** Raw data **
☆ ☆ ☆
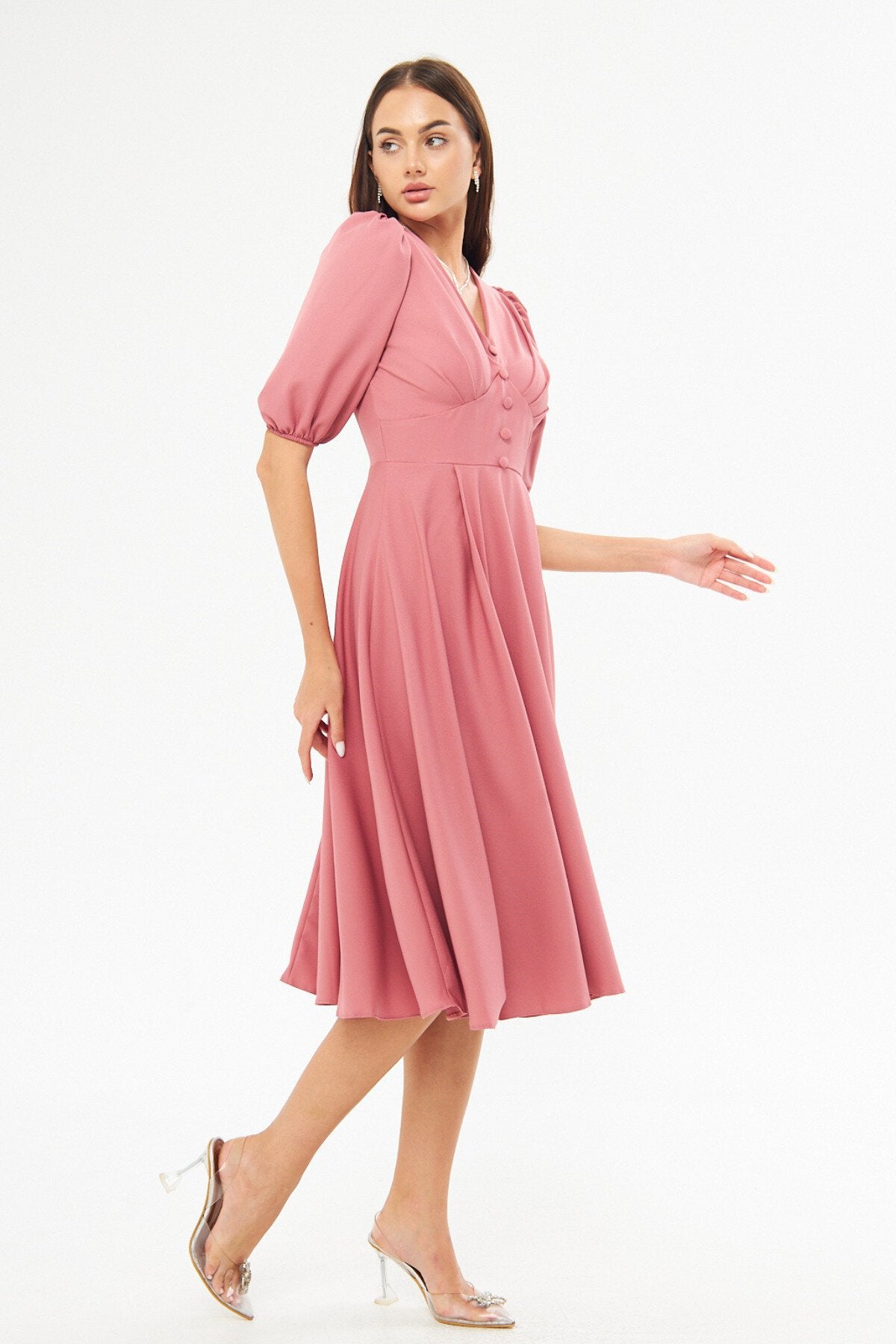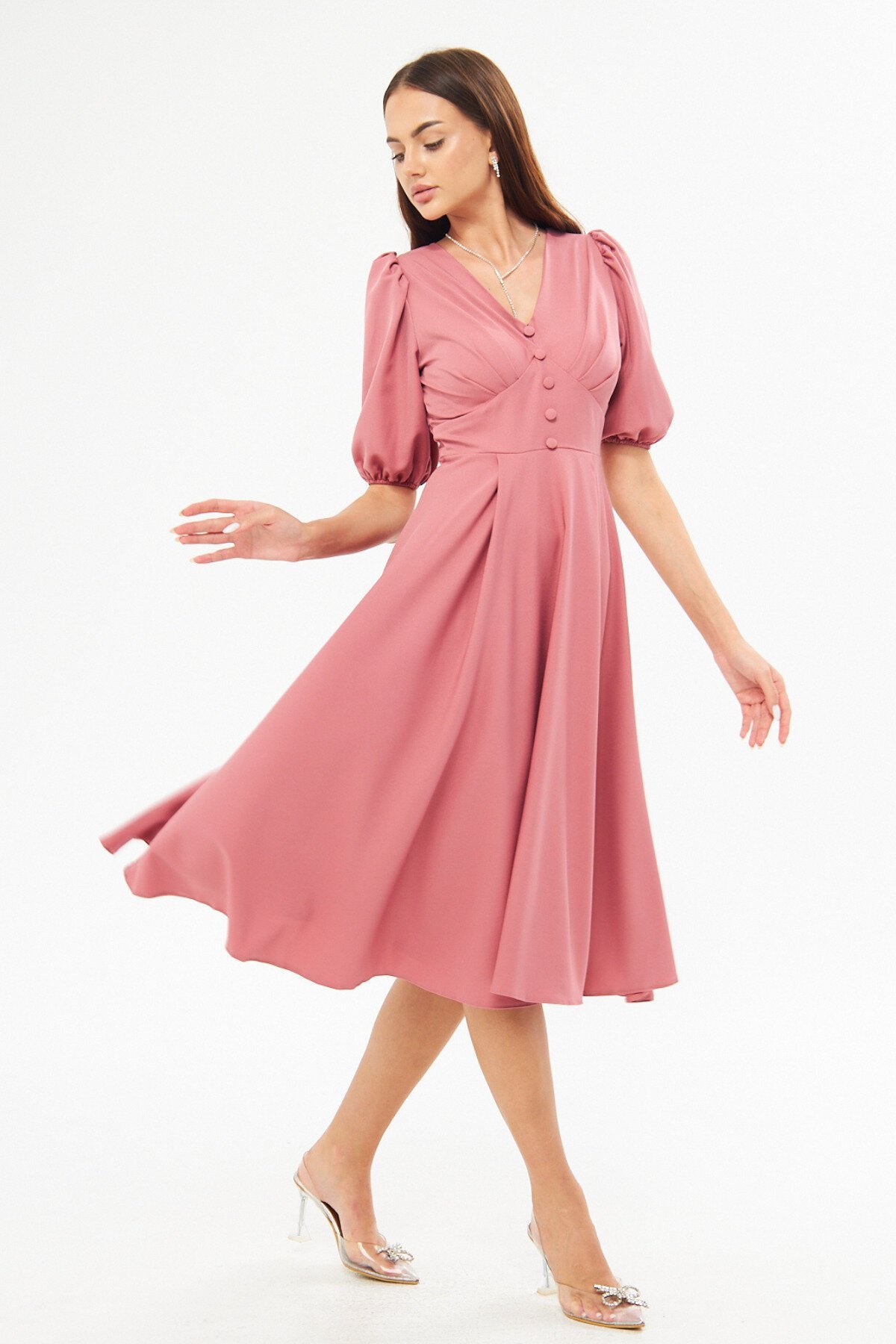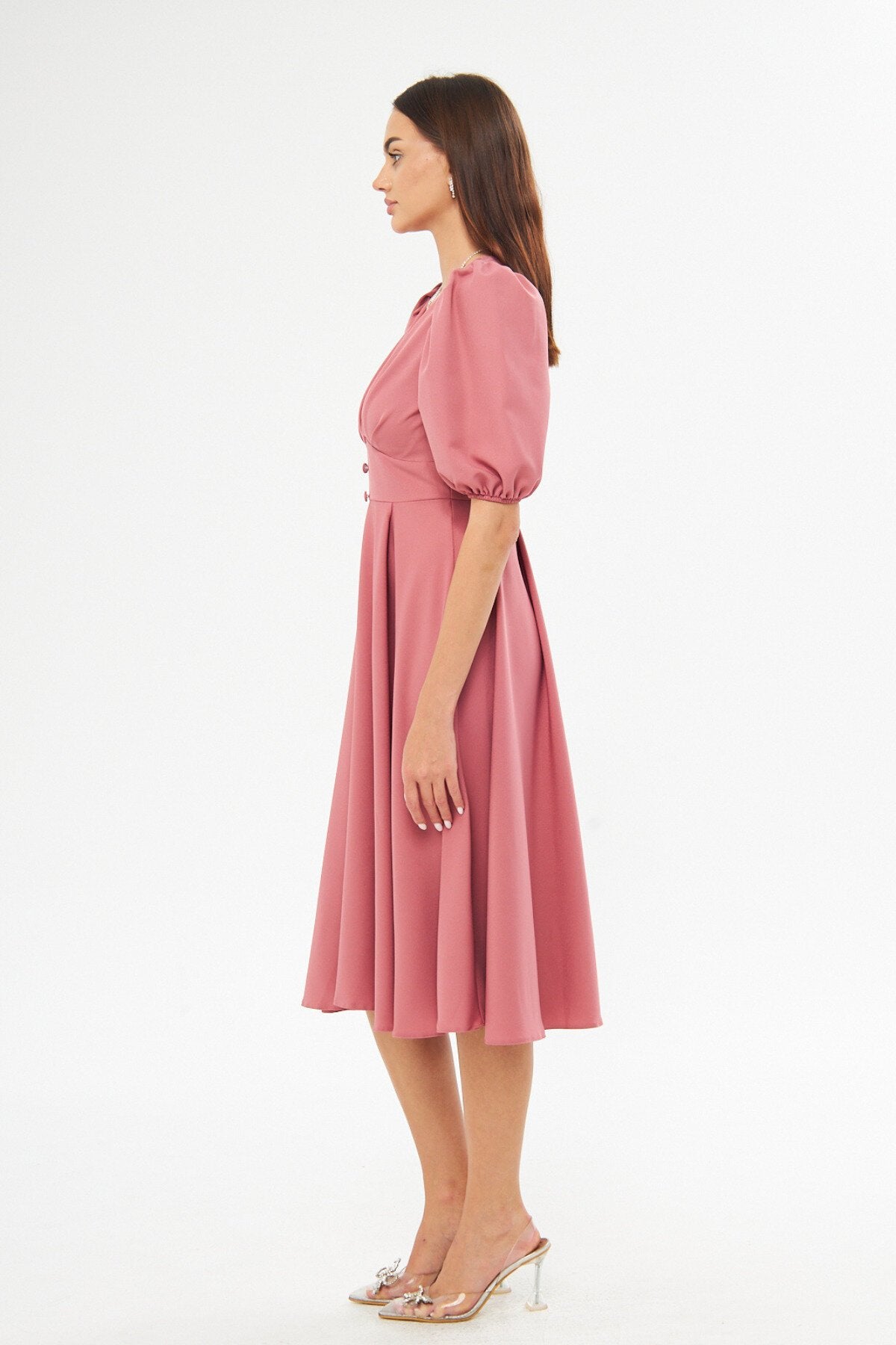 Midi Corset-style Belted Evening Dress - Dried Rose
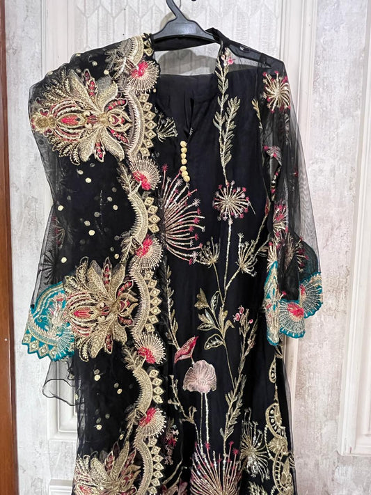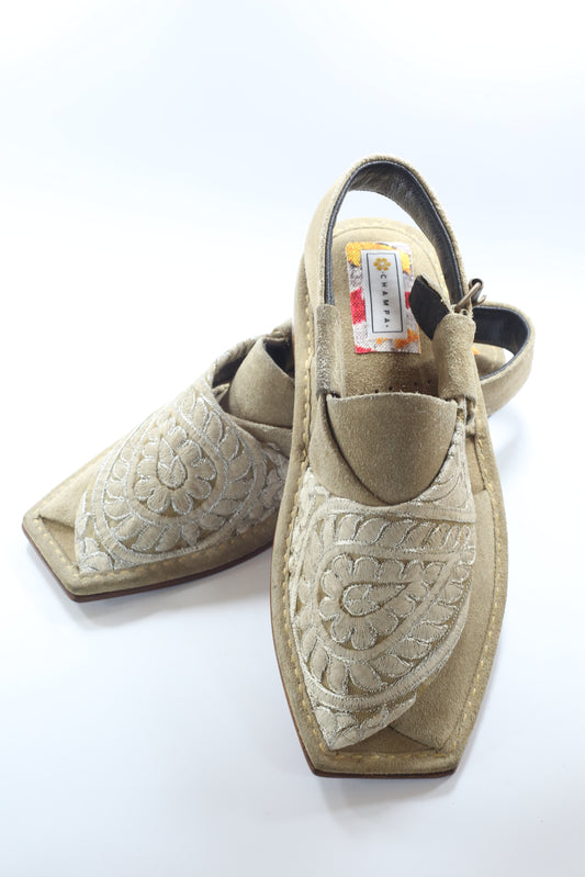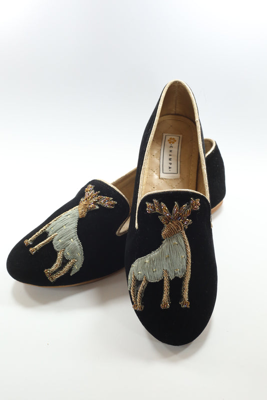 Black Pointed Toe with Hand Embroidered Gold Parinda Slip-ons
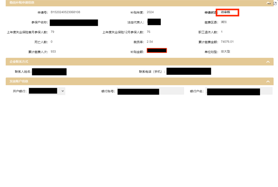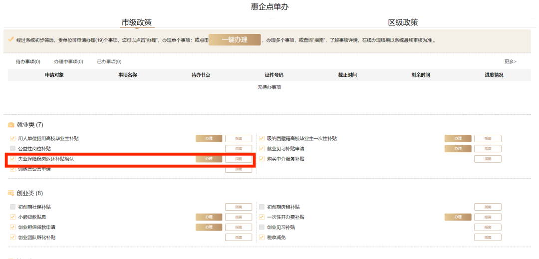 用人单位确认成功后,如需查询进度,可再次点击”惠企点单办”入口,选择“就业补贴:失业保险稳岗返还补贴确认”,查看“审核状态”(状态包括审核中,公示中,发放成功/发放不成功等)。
☆ ☆ ☆
** Task requirements **
Take the data above and set it down exactly, images excluded.

** Response **
 Midi Corset-style Belted Evening Dress - Dried Rose
 Black Pointed Toe with Hand Embroidered Gold Parinda Slip-ons
 用人单位确认成功后,如需查询进度,可再次点击”惠企点单办”入口,选择“就业补贴:失业保险稳岗返还补贴确认”,查看“审核状态”(状态包括审核中,公示中,发放成功/发放不成功等)。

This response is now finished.